Abstract/Summary
3D Immunohistochemistry (IHC) analysis to enhance the rigor of motoneuronal somatic reconstruction and
potassium channel characterization. Clinical Relevance: Amyotrophic lateral sclerosis (ALS) has few
therapies with only modest benefits despite decades of research. Barriers arise from complex, multifarious
pathologies and conflicting reports in the ALS literature, often due to inconsistent methods and unaccounted
for biological variables. Parent grant data implicates Kv2.1 and SK potassium ion channels in the excitability
dysregulation of motoneurons (MNs) in ALS, specifically in SOD1-G93A and rNLS8 ALS mouse lines.

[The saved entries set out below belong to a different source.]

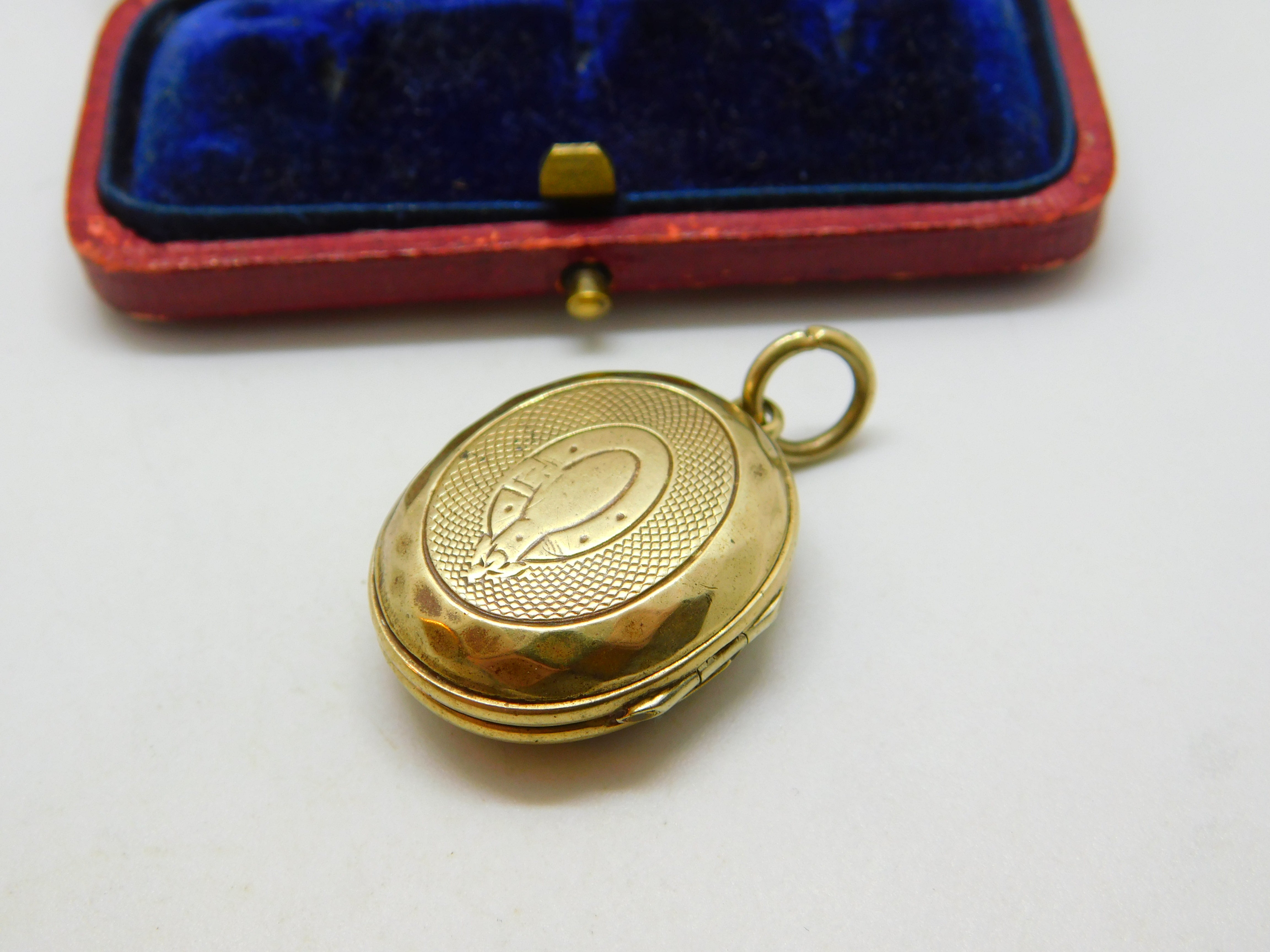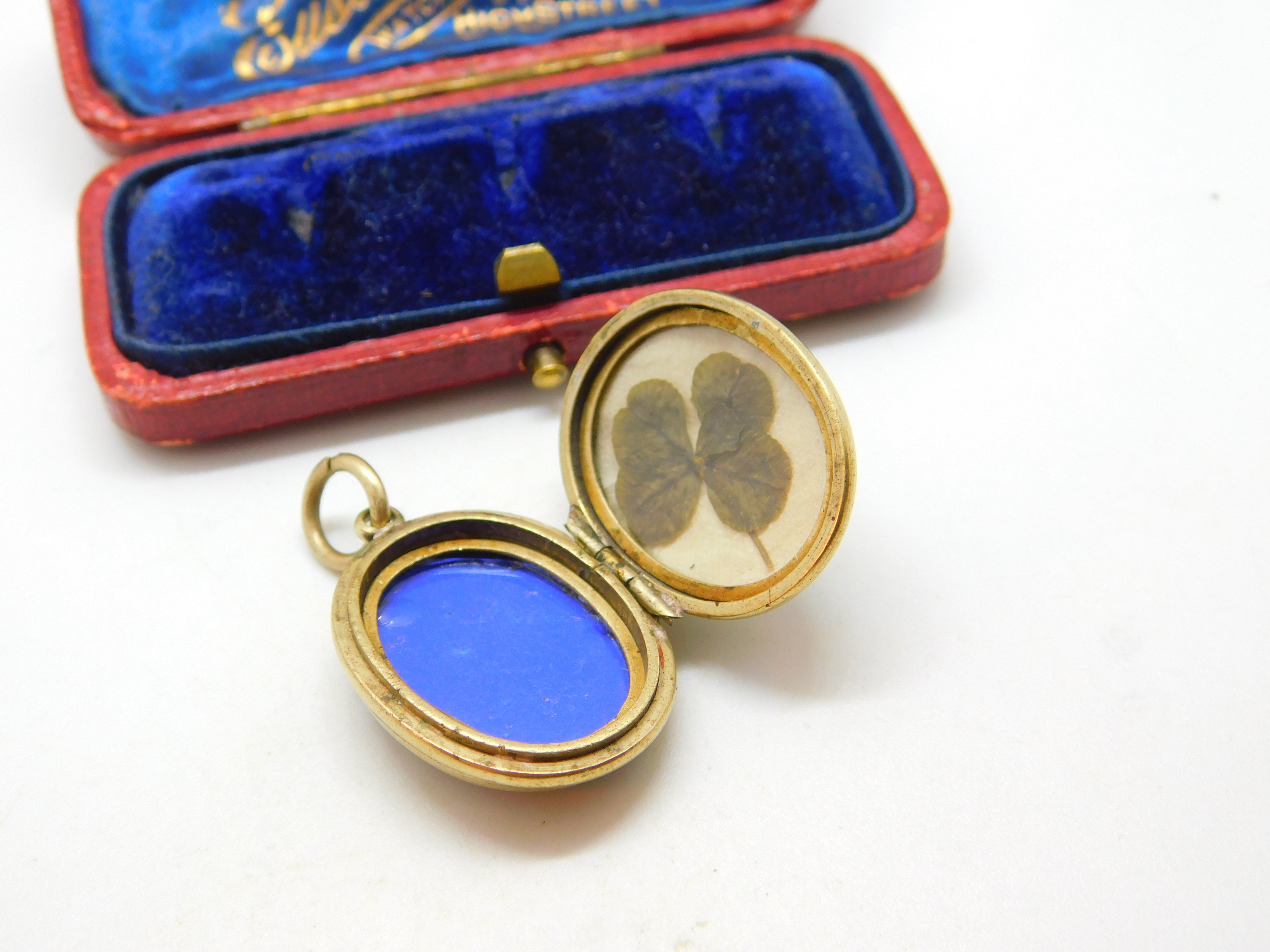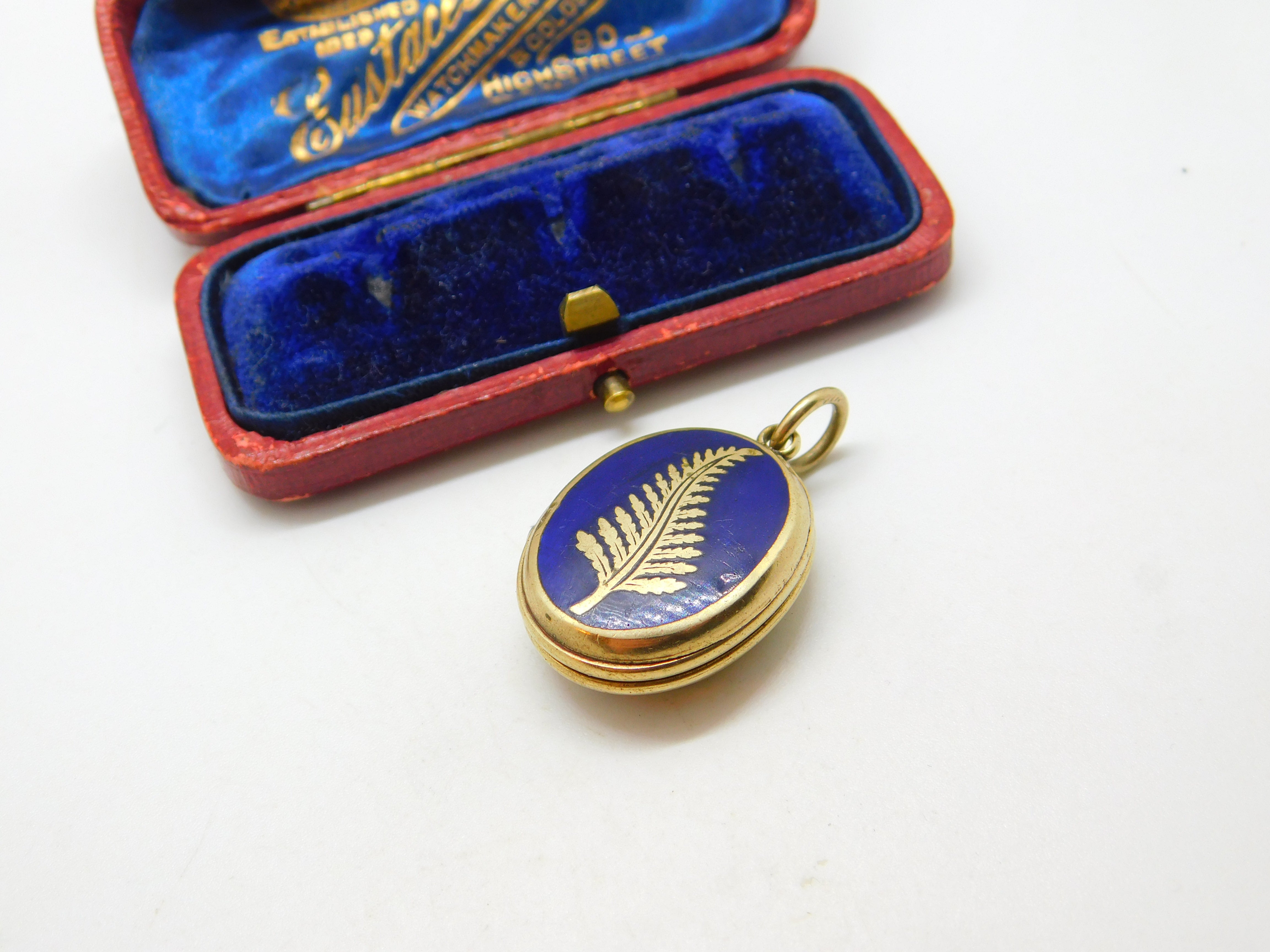 Victorian 9ct Gold Back & Front Fern Leaf Enamel Locket Antique c1890 Good Luck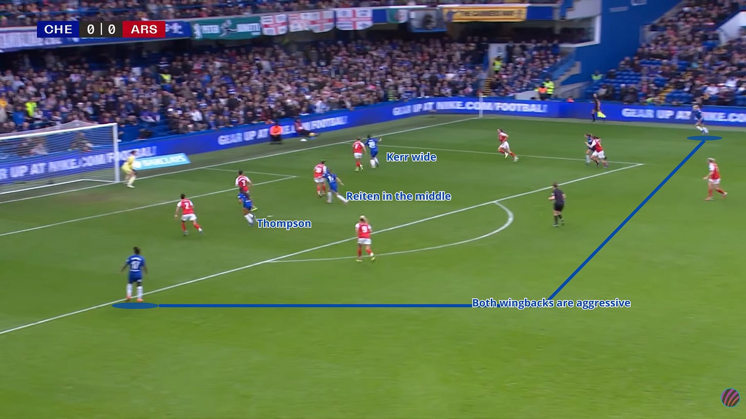 In the build-up, Chelsea aimed to progress quickly, often using the wing-backs as primary outlets. Combinations between centre-backs, wing-backs, and the near-side forward were a recurring pattern, with one striker drifting wide and Reiten arriving late into the box as an added runner rather than acting as a pure playmaker. This setup also allowed one of the double pivot, usually Wieke Kaptein rather than Erin Cuthbert, to step higher and support attacks while the other remained more conservative.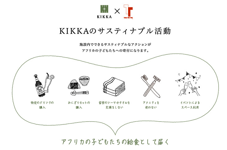 「サスティナブル」とは、持続可能な仕組みを指します。 KIKKAは、TABLE FOR TWO(TFT)とのコラボレーションにより宿泊施設全体を通じて寄付ができる仕組みになっています。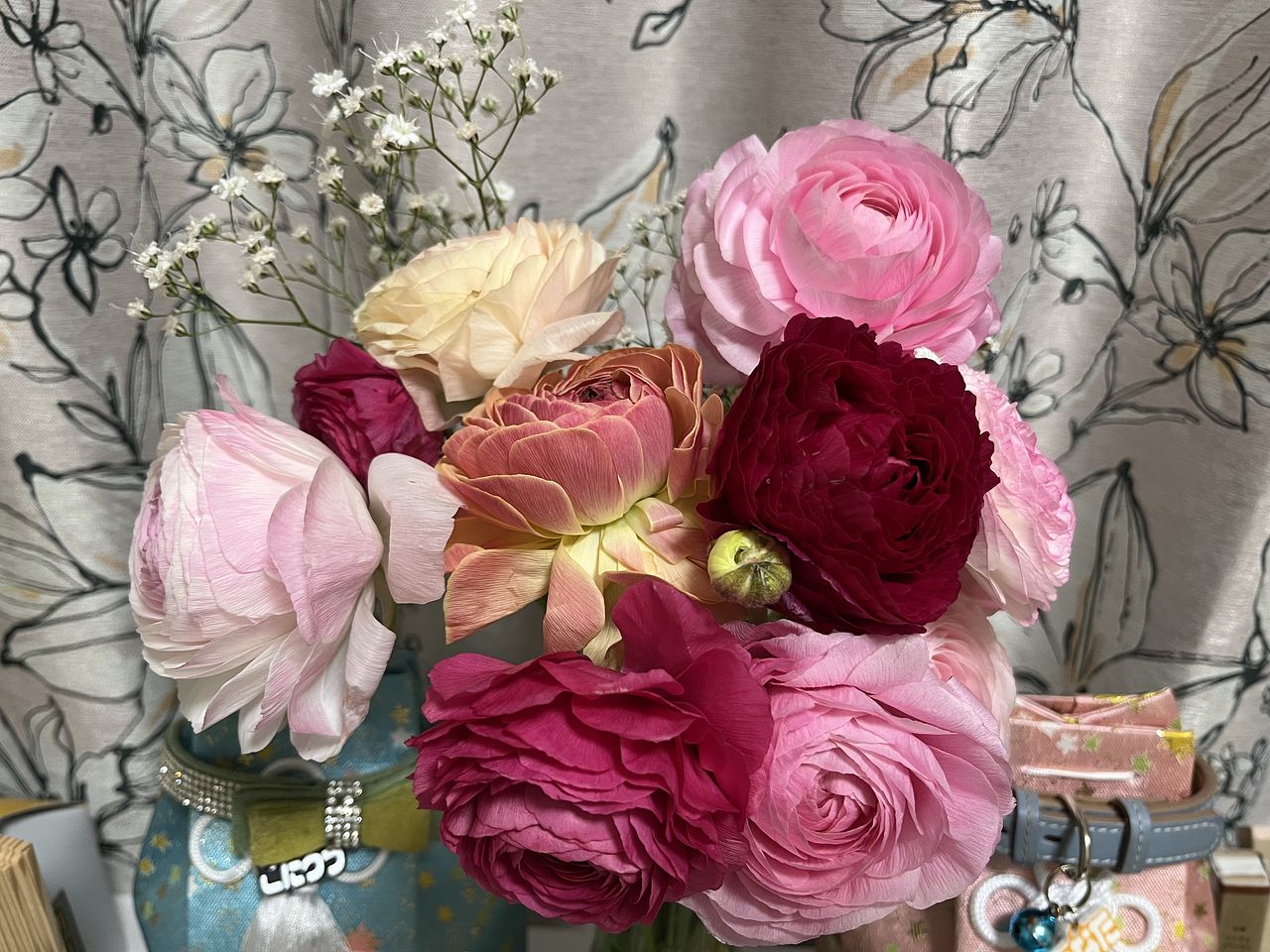 薄いピンク、濃いピンク、白にピンク縁どり、クリーム色などとても可愛いラナンキュラスでした!1本少し折れているものがありましたが、真ん中に生けて他の花で支えてもらうとなんとか耐えてました。まだ12本綺麗に咲いてます。つぼみも咲いてくれるといいなぁ。 →1週間経って、4本萎れたり花びらが落ちたりしました。6本くらいはまだまだ満開に咲いています。つぼみは難しそう。近所の花屋さんで少し買い足そうかな。芍薬の季節が楽しみです。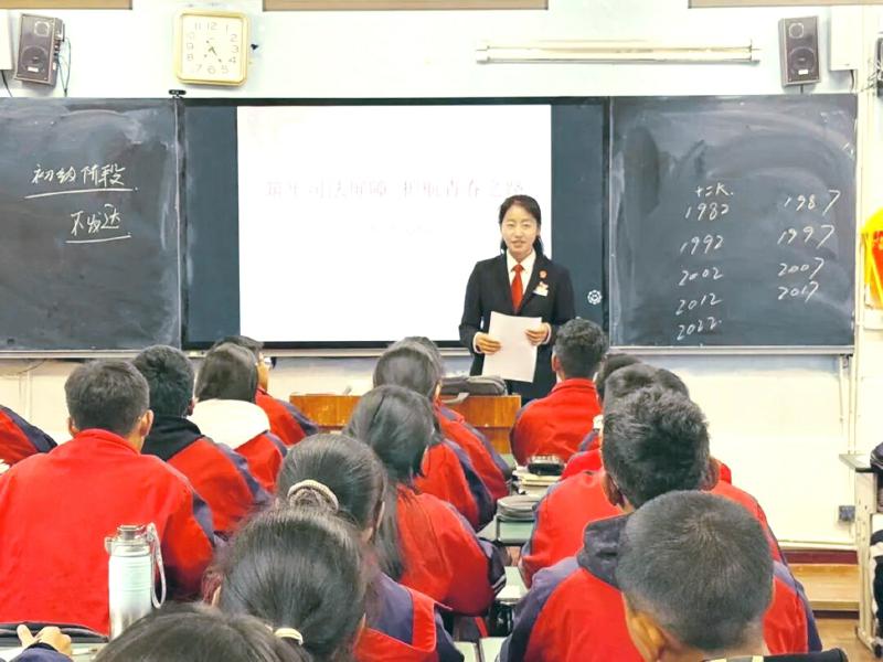 •   9月8日,理塘县法院“正义雪莲”女子审判团队走进理塘县中学,开展以“筑牢司法屏障,护航青春之路”为主题的开学第一课。本次宣讲创新采用“讲解+竞答”模式,通过有奖竞答环节激发学生学习兴趣,让法律知识在轻松愉快的氛围中深入人心。

The
objective of this research is to develop novel 3D IHC analysis methods to rigorously examine somatic
morphology and potassium channel structure in normal vs. diseased states to elucidate the roles of Kv2.1
and SK in ALS. Rationale: Current 2D IHC methods do not provide accurate measures of soma size or ion
channel structure. Also, standard manual tracing to assess 2D area involves human bias. Notably, MN soma
volume indicates vulnerability to ALS (largest cells die first). Also, the soma surface area impacts membrane
capacity for ion channels. Thus, 3D somatic measurements are vital to the parent grant. Also, the multiple,
complex roles of potassium channels in regulating MN excitability, and the fact that these channels are
understudied in spinal MNs, makes rigorous characterization of Kv2.1 and SK critical to the parent grant’s
work. Thus, our Specific Aims are: SA 1) Develop algorithms for accurate 3D reconstruction and
measurement of MN somas in IHC: 2D soma measurements require subjective and tedious manual cell
body tracing, which is sensitive to human error and biased by image orientation. Also, current 3D software-
renderings are low-resolution and insufficient for 3D ion channel quantitation. Thus, the candidate will develop
unbiased algorithms to automatically trace the 3D somatic membrane and quantitate soma volume and
surface area. SA 2) Rigorously characterize somatic potassium channel structure and calibrate
analysis to known channel phosphorylation states in healthy spinal MNs: Kv2.1 and SK structure each
exhibit a structural range from tightly clustered to loosely dephosphorylated depending on their functional
state. These graded clustering changes are not thoroughly characterized by visual inspection, as proposed
in the parent grant. Thus, the candidate will develop quantitation algorithms for 3D intensity maps to
characterize Kv2.1 and SK structure. SA 3) Characterize Kv2.1 and SK structure in ALS spinal MNs: While
Kv2.1 and SK qualitative structural changes have been observed across healthy cell function, both channels
have been understudied in ALS and never characterized in rNLS8 specifically. Thus, we will rigorously
characterize Kv2.1 and SK clustering changes in rNLS8 MNs and compare/contrast these changes to those
measured in SOD1 MNs. Completion of these studies will link potassium channel structure changes to
functional changes in both SOD1 and rNLS8 MNs, thus elucidating Kv2.1 and SK’s role in ALS.